Texas schools bring back corporal punishment for bad behaviour (The Independent)
Staff can beat disobedient students with a wooden paddle - but only children whose parents consent to the policy will receive physical punishment
hree schools in Texas are reintroducing corporate punishment for bad behaviour.
Staff will be able to use a wooden paddle to beat disobedient students in Three Rivers Schools District, which educates children from four to 18 at its elementary, junior and senior high schools.
The child will receive one paddling for each misdemeanour, such as not following rules in the classroom or not obeying teachers.
When parents enrol their children, they will be asked whether they consent to the use of corporal punishment. Only children whose parents agree will receive it.
“If the parent is not comfortable with it, that's the end of the discussion”, Three Rivers Independent Schools District Superintendent Mary Springs told the Corpus Christi Caller-Times.
The policy was pitched to the board by the elementary school’s campus behaviour co-ordinator, Andrew Amaro. He hopes it will be a more effective deterrent for the four to 12-year-olds in his care than simply a detention.
Mr Amaro was paddled as a schoolboy and says it worked on him, he said.
“It was an immediate response for me. I knew that if I got in trouble with a teacher and I was disrespectful, whatever the infraction was, I knew I was going to get a swat by the principal.”
Only certain members of staff – behaviour co-ordinators and the principal – will be permitted to use the paddle.
Three Rivers’ six-strong board of trustees approved the policy unanimously.
he school will track the number of paddlings doled out, in order to evaluate the policy.
"We will look at how many discipline referrals were made compared to last year and how many times [corporal punishment] was administered," said Ms Springs.
"If it reduces the number of discipline referrals, then that is a good thing."
The National Association of School Psychologists defines corporal punishment as "the intentional infliction of pain or discomfort and/or the use of physical force upon a student with the intention of causing the student to experience bodily pain so as to correct or punish the student's behaviour”.
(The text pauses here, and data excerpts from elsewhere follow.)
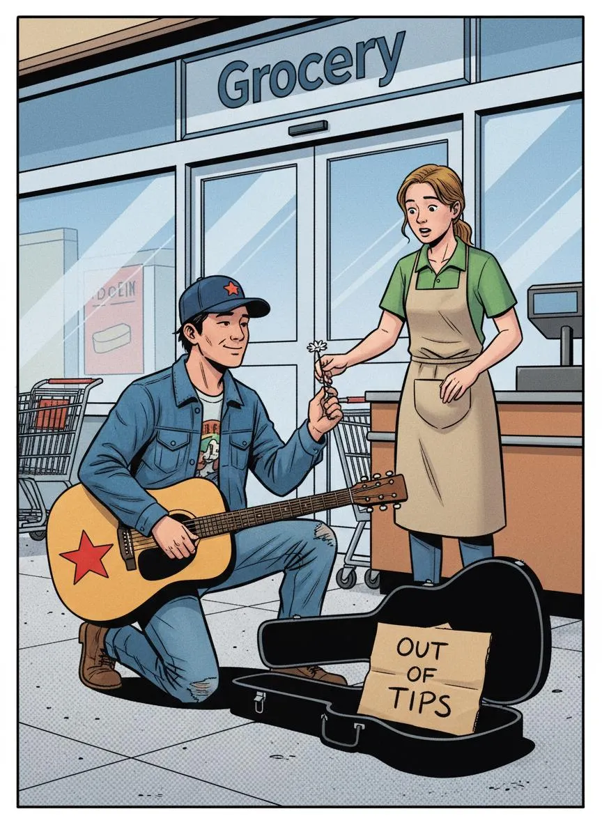 Generate AI custom comic panels using uploaded portraits. Preserve identity accurately with zero distortions. Scene: Busker outside a grocery offers a flower near clerk. Crisp bold lines, bright daytime colors, flat shading. Full-bleed image, no borders. Strict adherence to character details, "OUT OF TIPS" text on guitar case sign. Create unique, vibrant comic art with Vivago.ai.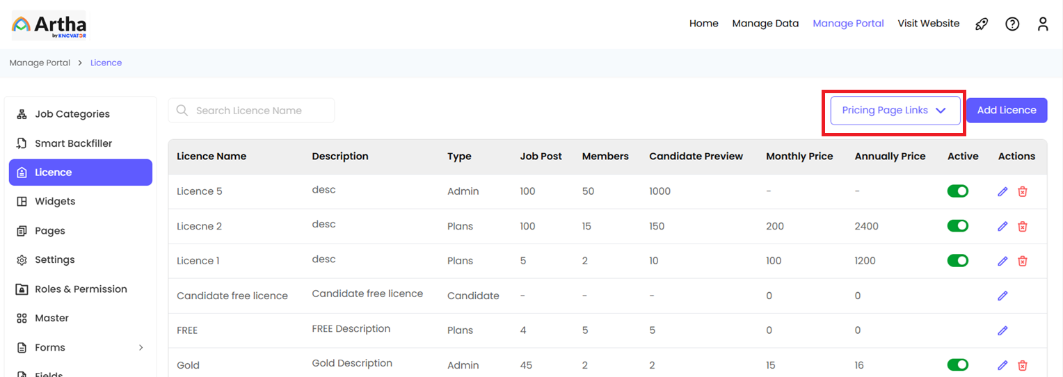 An Admin has access to add and manage the Licence from an Admin Panel which will be used by an Employer based on their subscription plan.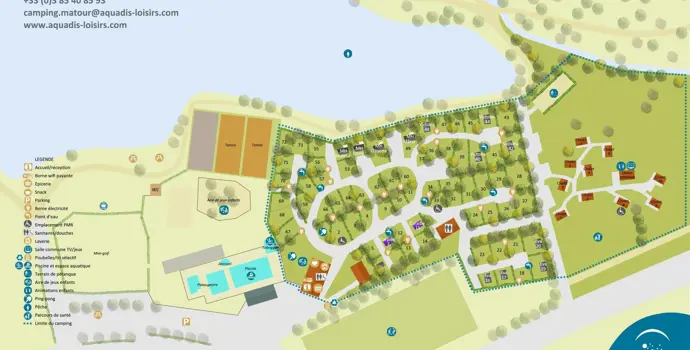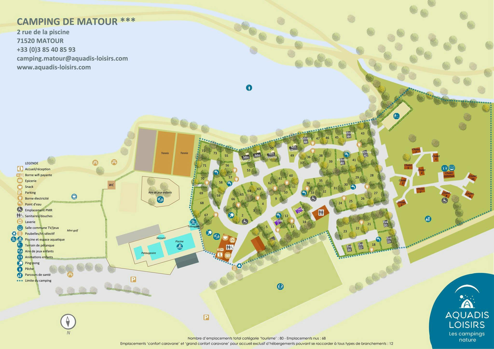 Camping de Matour ligt in het hart van de Bourgogne, in een rustig dal aan de rand van het dorp Matour. De camping grenst aan een recreatiemeer en wordt omringd door zacht glooiende heuvels, bossen en weides. Op de camping zelf een leuke mix van rustzoekers, natuurliefhebbers en gezinnen. De camping is kleinschalig, persoonlijk en met genoeg voorzieningen voor een fijne kampeervakantie.

In 2016, the then-US Secretary of Education John B King Jr. wrote to state leaders asking them to ban corporal punishment in schools, after an investigation found that 110,000 American schoolchildren receive it every year.
In the short term, being physically punished makes students more aggressive and defiant, defeating the policy’s aim, King wrote. Moreover in the long term, such students are more likely to suffer mental health issues and substance abuse.
“No school can be considered safe or supportive if its students are fearful of being physically punished.”
"School-sponsored corporal punishment is not only ineffective, it is a harmful practice, and one that disproportionally impacts students of colour and students with disabilities," Mr King wrote.
"This practice has no place in the public schools of a modern nation that plays such an essential role in the advancement and protection of civil and human rights."
Current Secretary of Education Betsy DeVos has not revealed her stance.
Fifteen US states, predominantly the southern ones, permit corporal punishment, according to NPR. Twenty-eight states and the District of Columbia prohibit it, while seven neither permit or prohibit it.